• Your instructions
Look in the data below for the line that has "驚天動地職業技能視頻(驚天動地職業介紹)", then print exactly every line from there through the line that has "[2022.07.01 AM] NWS", leaving pictures out.

• Input
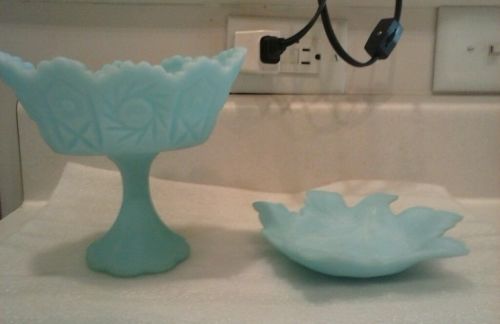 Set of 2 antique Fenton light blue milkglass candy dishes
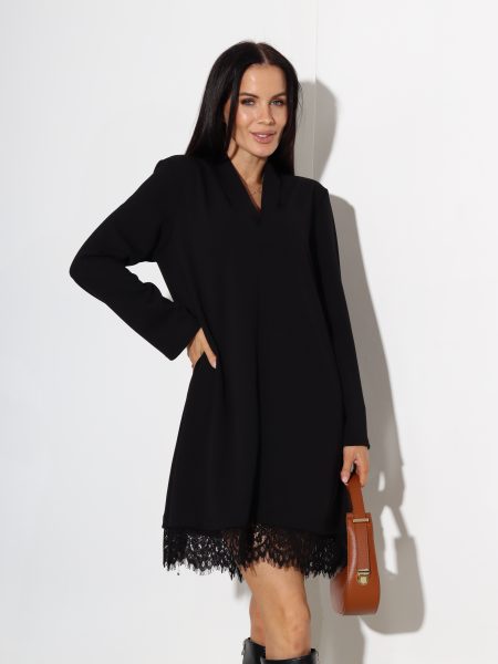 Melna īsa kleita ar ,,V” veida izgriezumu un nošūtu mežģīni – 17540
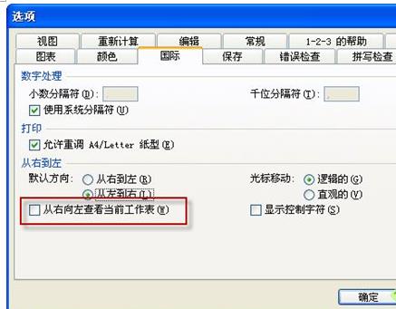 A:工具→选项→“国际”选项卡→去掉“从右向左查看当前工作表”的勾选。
* * *
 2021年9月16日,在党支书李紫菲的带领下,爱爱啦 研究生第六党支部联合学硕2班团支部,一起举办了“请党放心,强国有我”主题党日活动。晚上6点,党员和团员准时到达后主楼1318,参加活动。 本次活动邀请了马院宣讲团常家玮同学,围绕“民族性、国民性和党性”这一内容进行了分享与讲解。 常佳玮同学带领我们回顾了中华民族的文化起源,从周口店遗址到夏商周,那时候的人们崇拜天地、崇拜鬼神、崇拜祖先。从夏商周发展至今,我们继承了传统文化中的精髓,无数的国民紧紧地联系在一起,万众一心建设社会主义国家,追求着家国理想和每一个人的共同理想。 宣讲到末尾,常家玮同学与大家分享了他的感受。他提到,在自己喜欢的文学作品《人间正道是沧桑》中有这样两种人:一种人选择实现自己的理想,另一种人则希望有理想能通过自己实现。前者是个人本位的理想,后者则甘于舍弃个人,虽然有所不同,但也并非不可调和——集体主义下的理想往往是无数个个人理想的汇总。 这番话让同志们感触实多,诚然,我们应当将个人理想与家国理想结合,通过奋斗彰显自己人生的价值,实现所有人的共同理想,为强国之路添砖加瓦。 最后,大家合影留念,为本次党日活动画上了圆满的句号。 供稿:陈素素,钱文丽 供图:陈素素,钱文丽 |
...
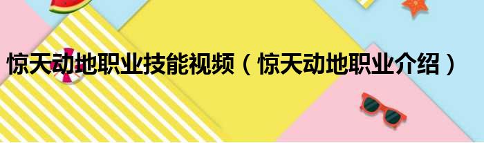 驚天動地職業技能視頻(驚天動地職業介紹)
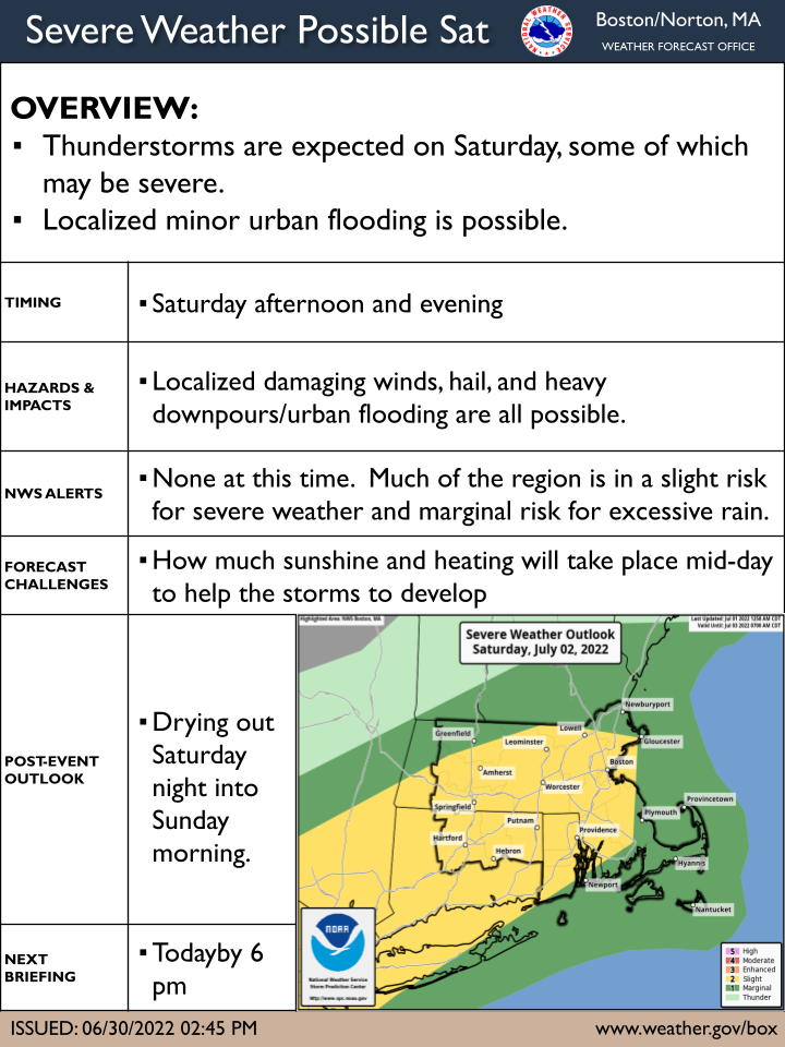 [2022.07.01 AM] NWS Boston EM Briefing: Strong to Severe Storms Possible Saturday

• Written reply
 驚天動地職業技能視頻(驚天動地職業介紹)
 [2022.07.01 AM] NWS Boston EM Briefing: Strong to Severe Storms Possible Saturday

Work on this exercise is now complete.